Comment on Need direction on mass find/replacement in HTML files. Select or Download Code

Replies are listed 'Best First'.
Re: Need direction on mass find/replacement in HTML files. by WizardOfUz (Friar) on Apr 20, 2010 at 17:03 UTC
Maybe you can use Wget for this? Take a look at the `--mirror` and the `–-convert-links` option.	[reply] [d/l] [select]
Re^2: Need direction on mass find/replacement in HTML files. by kevin4truth (Initiate) on Apr 20, 2010 at 18:15 UTC
Thanks, but I already tried that with great pain; it didn't properly parse and localize the PHP queries.	[reply]

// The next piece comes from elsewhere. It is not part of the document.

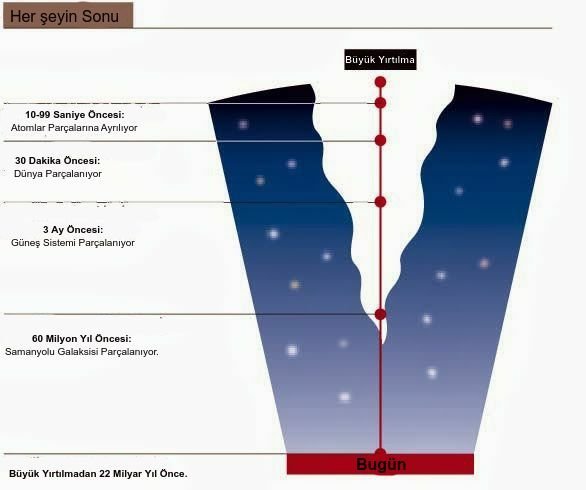 Büyük Yırtılma: Evrenin ivmelenerek genişlediği tezini kabul eder. Böylece karanlık enerji evreni yırtmaya başlar. Galaksi sistemleri, galaksiler, yıldız kümeleri, gezegen sistemleri, gezegenler, atomlar ve uzay zaman dokusu parçalanır. Geriye hiçbir şey kalmaz. Fakat genelde kabul gören teori büyük soğuma. Büyük Soğuma: Evren genişler fakat ivmelenerek değil. Sabit bir hızla. Sonda ise büyük bir boşluk kalır.

Re: Need direction on mass find/replacement in HTML files. by starX (Chaplain) on Apr 20, 2010 at 18:42 UTC
I've written things like this before that do something similar with files in a local directory. In those cases, it was pretty simple to set up a stack of directories to investigate separate from the list of files I was building, and just keep processing until the stack was empty. I think your problem is similar. It might look something like this: while ($url_stack is not empty) { $url = pop $url_stack; open URL $url; while (<URL>) { my @words split / /, $_ # split a line into words # For each word in the line, see if it's a URL. Push # it to the stack and substitute the local path if it # is foreach my $word @words { if $word =~ m/^http:\/\//; push $word $url_stack; $word =~ s/'remote_path'/'local_path'/; } # join all the words together into a new line join @words my $output_line; # write that line into the local version of the file. print <LOCAL_VERSION> $output_line; } } [download] As this is intended to be a psuedo-code snippet, I'm obviously leaving a lot out, like opening the output file, &c, but I think the basic premise is sound. That said, I'm sure there is an easier way to do it. w3mir, for example. You also might look into wget options to make sure you're not missing something in there. Good luck!	[reply] [d/l]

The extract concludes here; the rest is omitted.